During the Apollo flights, astronauts reported seeing odd flashes of light, visible even with their eyes closed. We have since learned that the cause was cosmic rays — extremely energetic particles from outside the solar system arriving at Earth and constantly bombarding its atmosphere. Once they reach Earth, they still have sufficient energy to cause glitches in electronic components.

Galactic cosmic rays come from sources inside our home galaxy, the Milky Way, and consist mostly of protons moving at close to the speed of light. These protons have been accelerated to energies exceeding the energies that even the European Organization for Nuclear Research's (CERN) Large Hadron Collider will be able to achieve.

"It has long been thought that the super-accelerators that produce these cosmic rays in the Milky Way are the expanding envelopes created by exploded stars, but our observations reveal the smoking gun that proves it," said Eveline Helder from the Astronomical Institute Utrecht of Utrecht University in the Netherlands.

"You could even say that we have now confirmed the caliber of the gun used to accelerate cosmic rays to their tremendous energies," said Jacco Vink, also from the Astronomical Institute Utrecht.

For the first time, Helder, Vink, and colleagues have come up with a measurement that solves the long-standing astronomical quandary of whether or not stellar explosions produce enough accelerated particles to explain the number of cosmic rays that hit Earth's atmosphere. The team's study indicates that they indeed do and directly tells us how much energy is removed from the shocked gas in the stellar explosion and used to accelerate particles.

"When a star explodes, a large part of the explosion energy is used for accelerating some particles up to extremely high energies," said Helder. "The energy that is used for particle acceleration is at the expense of heating the gas, which is much colder than theory predicts."

The researchers looked at the remnant of a star that exploded in AD 185, as recorded by Chinese astronomers. The remnant, called RCW 86, is located about 8,200 light-years away towards the constellation Circinus the Drawing Compass. It is probably the oldest record of the explosion of a star.
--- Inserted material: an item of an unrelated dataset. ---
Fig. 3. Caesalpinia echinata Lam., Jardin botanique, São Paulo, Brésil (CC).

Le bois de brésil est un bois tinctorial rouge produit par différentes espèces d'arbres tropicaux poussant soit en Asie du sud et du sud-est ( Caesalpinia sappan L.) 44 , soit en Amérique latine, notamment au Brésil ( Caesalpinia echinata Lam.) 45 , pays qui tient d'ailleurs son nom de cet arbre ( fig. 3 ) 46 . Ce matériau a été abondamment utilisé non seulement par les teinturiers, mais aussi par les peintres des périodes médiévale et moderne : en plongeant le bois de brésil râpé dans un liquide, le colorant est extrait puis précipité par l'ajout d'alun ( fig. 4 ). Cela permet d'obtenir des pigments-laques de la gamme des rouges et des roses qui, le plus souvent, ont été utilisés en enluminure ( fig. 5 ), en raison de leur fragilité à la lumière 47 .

Using ESO's VLT, the team measured the temperature of the gas right behind the shock wave created by the stellar explosion. They measured the speed of the shock wave as well, using images taken with NASA's Chandra X-ray Observatory 3 years apart. They found it to be moving at between 6 million and 19 million miles (10 and 30 million kilometers) per hour, between 1 and 3 percent the speed of light.

The temperature of the gas turned out to be 54 million degrees Fahrenheit (30 million degrees Celsius). This is quite hot compared to everyday standards, but much lower than expected, given the measured shock wave's velocity. This should have heated the gas up to at least half a billion degrees.

"The missing energy is what drives the cosmic rays", said Vink.